Yüce Allah Kur’anı Kerim’in de Müslümanların birlik olmasını emrediyor. Müslüman alemi Kuran'da bildirilen bu emre uyup birlik olmadıkları müddetçe, Türk İslam Birliği'ni oluşturmadıkları sürece bu ve benzeri acıların devam edeceği açıktır. Bu acıların, bu katliamların, bu sıkıntıların, bu çilelerin hiçbiri yeni değildir.
Müslümanlar, neredeyse yüzyıldır baskı altında acımasızca yok edilmektedir. 1.5 milyar nüfusuyla birlik olacak İslam aleminin barış, sevgi ve güvenin tesis edilmesinde çok etkili bir güç olacağı göz ardı edilmemelidir.
Dünyanın farklı yerlerinde Müslümanlara büyük acılar yaşatılıyor. Bu fitnenin son bulması, akan kanın durması ancak Türk İslam Birliği'nin kurulmasıyla mümkündür. Filistin'i, Irak'ı, Afganistan'ı, Doğu Türkistan'ı, Kırım'ı, Kerkük'ü, Mısır’ı kurtaracak tek çözüm Türk İslam Birliği'dir.Türk İslam Birliği yalnızca Müslümanların değil, Musevilerin, Hıristiyanların, Budistlerin, ateistlerin ve her düşünceden tüm insanların güvencesi olacaktır.

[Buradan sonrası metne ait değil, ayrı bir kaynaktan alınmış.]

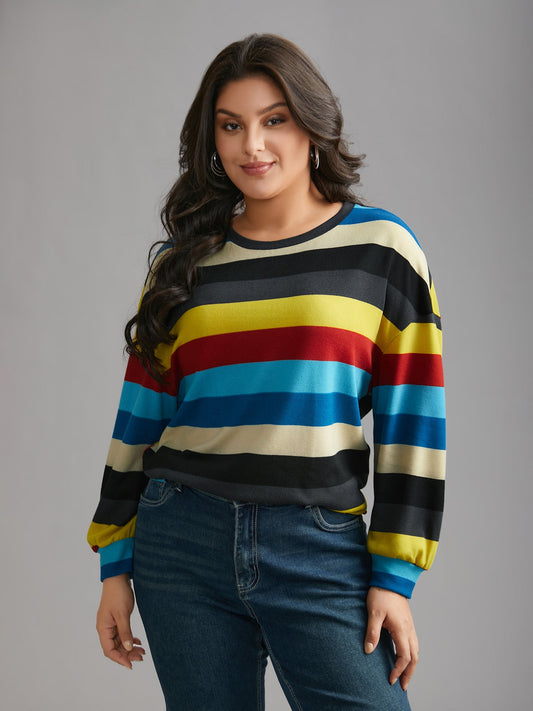 Multi-Color Striped Stretchy Crew Neck T-shirt

Türk İslam Birliği kurulduğunda Museviler de, Hıristiyanlar da, Müslümanlar da ve tüm insanlar rahat edecektir. Türk-İslam Birliği yüzyılımızın müjdesi olacaktır. Bu büyük ihtişam, bütün dünyanın huzuruna, sevincine, rahatlığına ve refahına sebep olacaktır. Türk Milleti, Türk Devleti, milli, üniter yapısı içerisinde bu güzel liderliğe ehil ve layıktır.
İslam alemi Rabbimiz'in "Allah'ın ipine sımsıkı sarılın, dağılıp ayrılmayın" hükmüne itaat edip bir an önce birlik olmalı, başta Müslümanların acılarına son vermek üzere ve tüm dünyanın özlemi içinde bulunduğu barışı, güveni, huzuru tesis etmek için Türk İslam Birliği'ni oluşturmalıdır.

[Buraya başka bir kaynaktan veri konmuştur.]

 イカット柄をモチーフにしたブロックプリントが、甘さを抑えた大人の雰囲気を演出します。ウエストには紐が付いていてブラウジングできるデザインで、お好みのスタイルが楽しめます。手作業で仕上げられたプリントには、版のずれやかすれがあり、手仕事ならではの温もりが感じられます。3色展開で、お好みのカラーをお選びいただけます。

İslam alemi güçlü, istikrarlı olmak, dünyaya her alanda yön vermek ve ışık tutmak istiyorsa, birlik halinde hareket etmek zorundadır. Bu birliğin yokluğu masum Müslüman halklarını savunmasız bırakmaktadır.
Dünya Müslümanlarının Türk İslam Birliğini sağlayamamış olmaları, günümüzde yaşanan çeşitli sorunların temelinde yer alan önemli bir eksikliktir. Güçlü bir birlik sağlandığında bugün yaşanan sorunların benzerleriyle ya hiç karşılaşılmayacak ya da karşılaşılan tüm sorunlar tahmin edilenden çok daha kısa süre içinde çözüme kavuşacaktır.
İslam dünyası, ayrılıkları ve farklılıkları bir kenara bırakıp, tüm Müslümanların "kardeş" olduğu gerçeğini hatırlamalı ve bu manevi kardeşliğin getirdiği güzel ahlak ile tüm dünyaya örnek olmalıdır.